Recently, the Desktop Support Desk was contacted with the following question regarding the new DDI Timekeeper system: "When I log into PS Desktop, it tells me my password will expire in several days.  Is it ok to go ahead and change my password at that time?"

The answer to this question is yes and no.   While it is perfectly acceptable to change your password before the actual due date, do NOT change your password inside of Citrix\PS Desktop, for it will surely lock out your account.
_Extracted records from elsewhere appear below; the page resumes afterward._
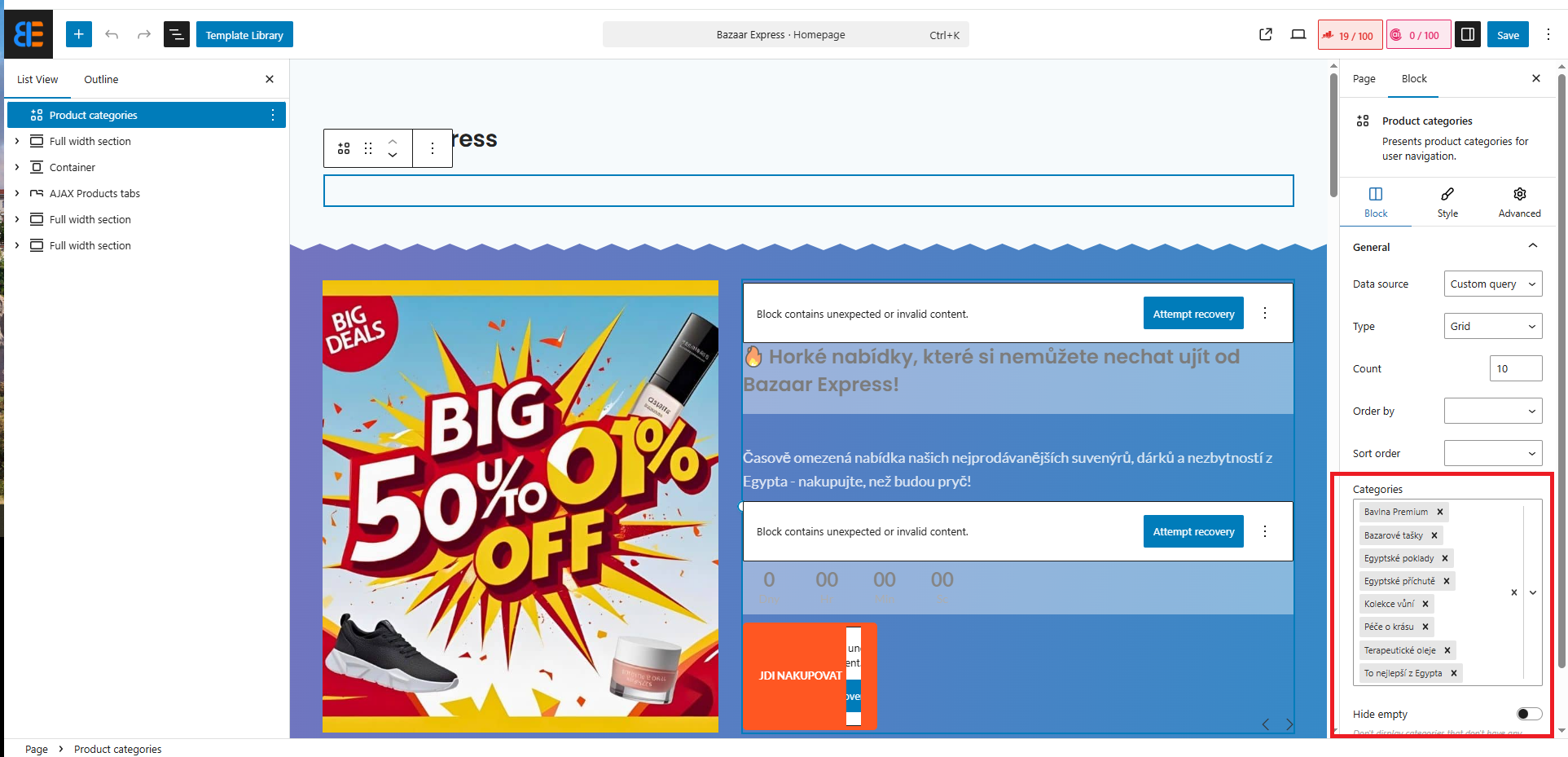 The product categories are not appearing in the hero section as they do on the original language page.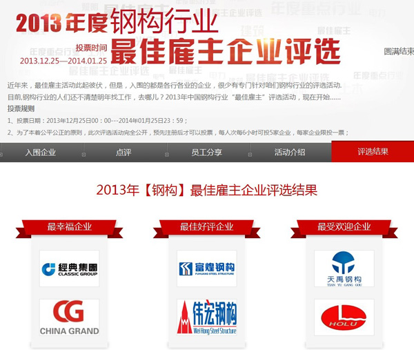 近日,山東經(jīng)典重工集團(tuán)股份有限公司在一覽鋼構(gòu)英才網(wǎng)舉辦的2013年度鋼構(gòu)行業(yè)最佳雇主企業(yè)評(píng)選中榮獲最幸福企業(yè)獎(jiǎng)。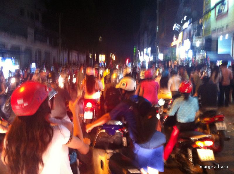 Repartits en dues motos, i carregant motxilles comencem a al·lucinar amb la sensació que estàs dins d’un videojoc. Motos i més motos, a dreta i esquerra, davant i darrere, que flueixen, i esquivem totes a l’hora si alguna decideix parar allà en mig a trucar per telèfon, anar en sentit contrari, o simplement fer un canvi de sentit creuant tota la calçada. De cotxes, persones, bicis i altres també se’n troben en el batibull.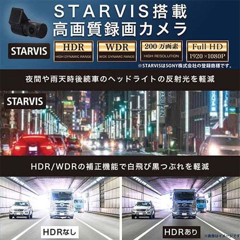 ●STARVIS、HDR、WDR搭載で暗いトンネルや昼夜問わず鮮明な画像を映し出す200万画素カメラにSTARVIS搭載。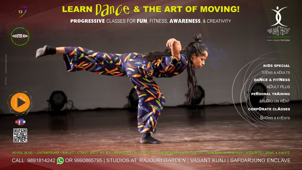 India Dans Theater Hosted Learn Dance N The Art of Moving For Kids Teens & Adults Enroll Now Highlights đš PROGRESSIVE CLASSES FOR FUN đ FITNESS đŞ AWARENESS đ§ & CREATIVITY đ¨ đš KIDS SPECIAL đ§ đš TEENS & ADULTS đŤ đš DANCE & FITNESS đđžđď¸ââď¸ đš ADULT PLUS đľđ´ đš PERSONAL TRAINING đď¸ đš STUDIO ON RENT đ˘ đš CORPORATE CLASSES đ đš SHOWS & EVENTS đ đš MOVING ALIVE CONTEMPORARY đ STREET đŚ JAZZ/HIP HOP đˇđ BOLLYWOOD đŹ FUNK đ¸ DANCE PRO đş CHOREOGRAPHY COMPOSITION đś PERFORMANCE đ RESEARCH WORKSHOPS đ I SHOWS+EVENTS đď¸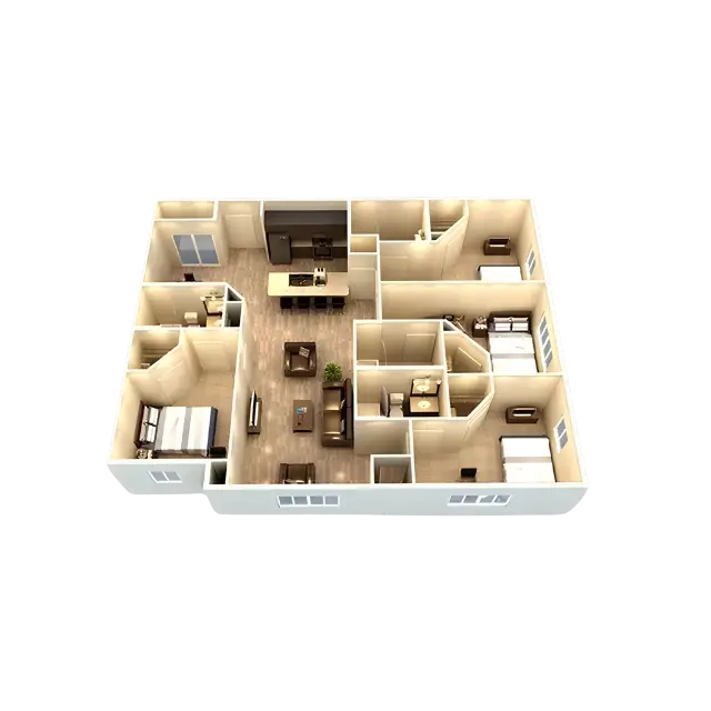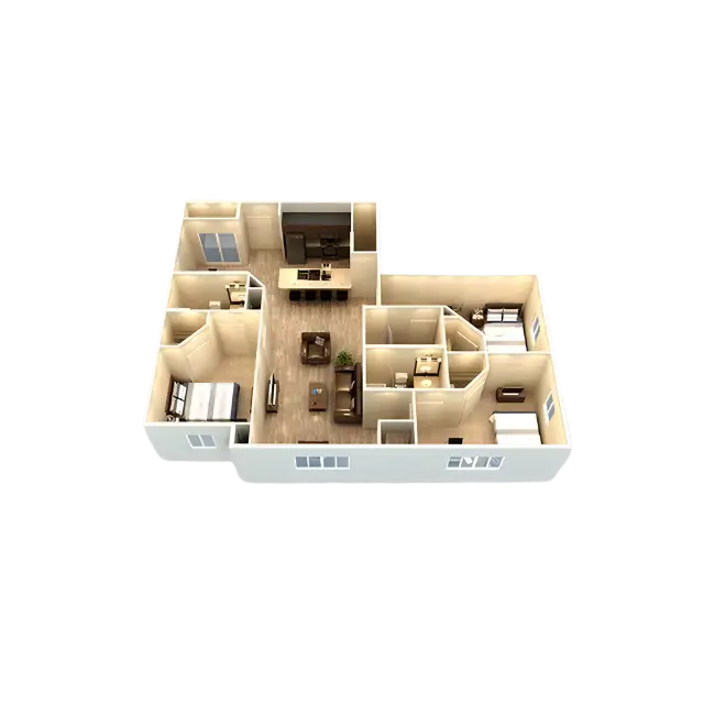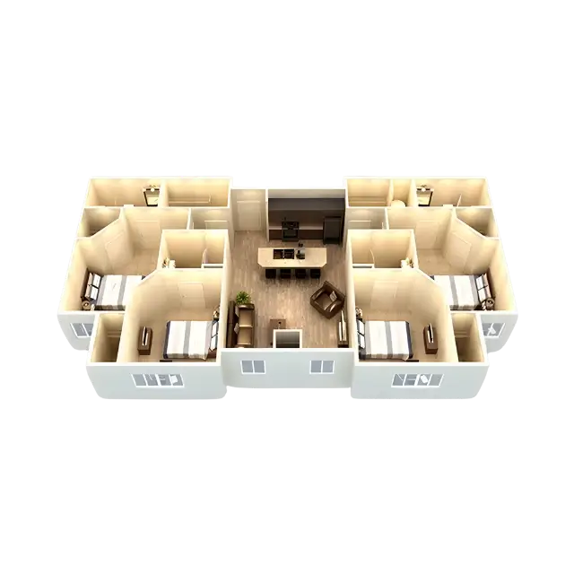 Each apartment includes private bedrooms with keyed entry and full bathrooms, furnished living areas with leather sofas, and modern kitchens with granite countertops and stainless appliances. Enjoy 9-foot ceilings, wood-style flooring, and in-unit washers and dryers for convenient, comfortable living.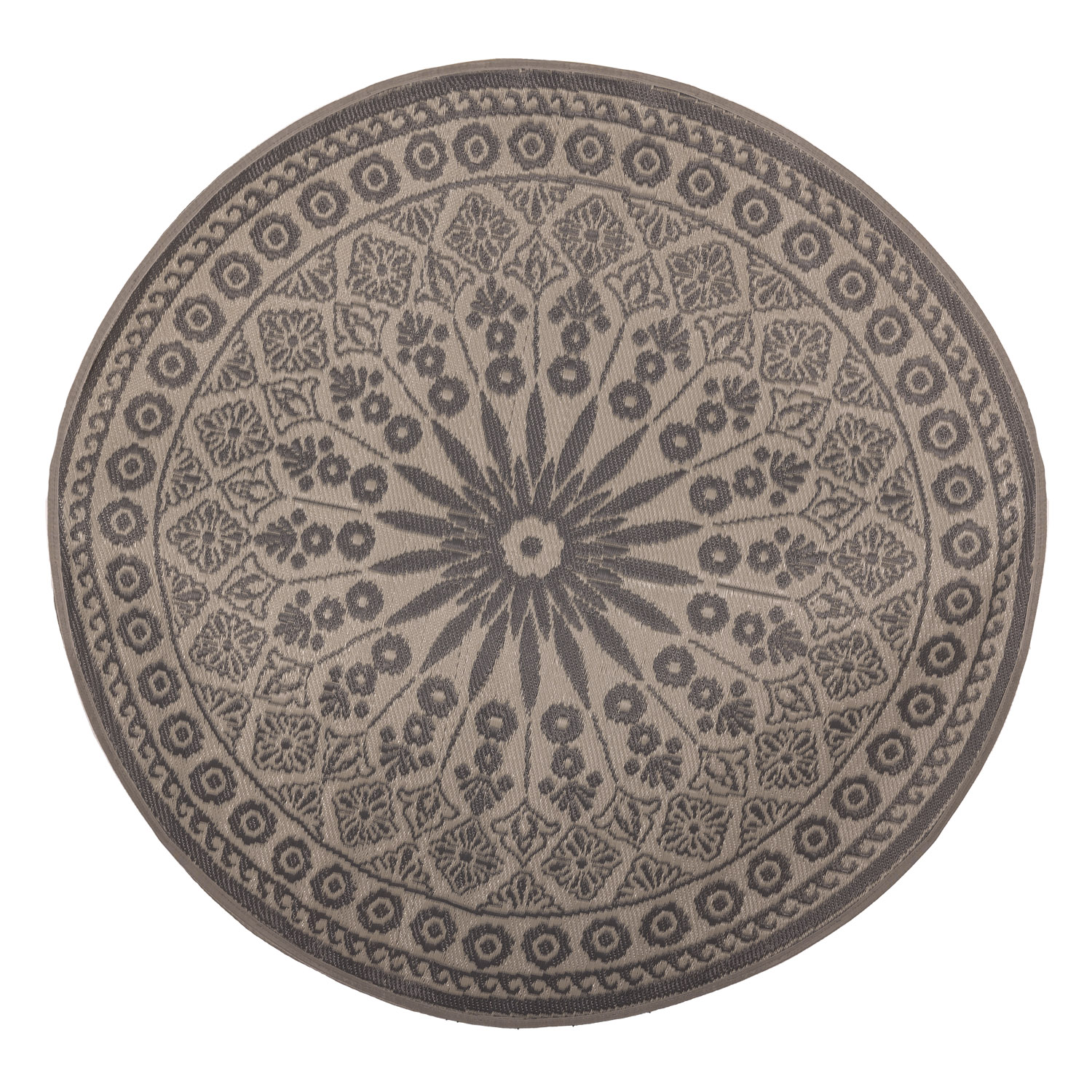 Der Teppich ist rund geschnitten und aus hochwertigem Material gefertigt, das sowohl langlebig als auch wetterbeständig ist.

The reason your account gets locked out if you change the password inside of Citrix is because you are technically logged into your account on your desktop machine with your "old" password.  In the mornings, when you first turn on your machine, usually you log into the domain using your current password.  If during the day you log into PS Desktop and then select to change your current password to something even newer, the brand new password you change it to is now the acceptable one.  And, the current password you used right before changing becomes the "old" unacceptable one.  But, since you are still logged into your computer with your current (now "old") password, the server thinks your account is trying to be accessed using an unacceptable password and locks out the account in order to maintain security.

Once your account is locked out, there is no way for you to get back into such things as email or the library system without first calling the Helpdesk to have your account unlocked.  Even if you reboot and try using the new "now current" password, it will not let you in until the Helpdesk has unlocked you.

Therefore, the rule of thumb is to NEVER change your password inside of the Citrix\PS Desktop sesssion.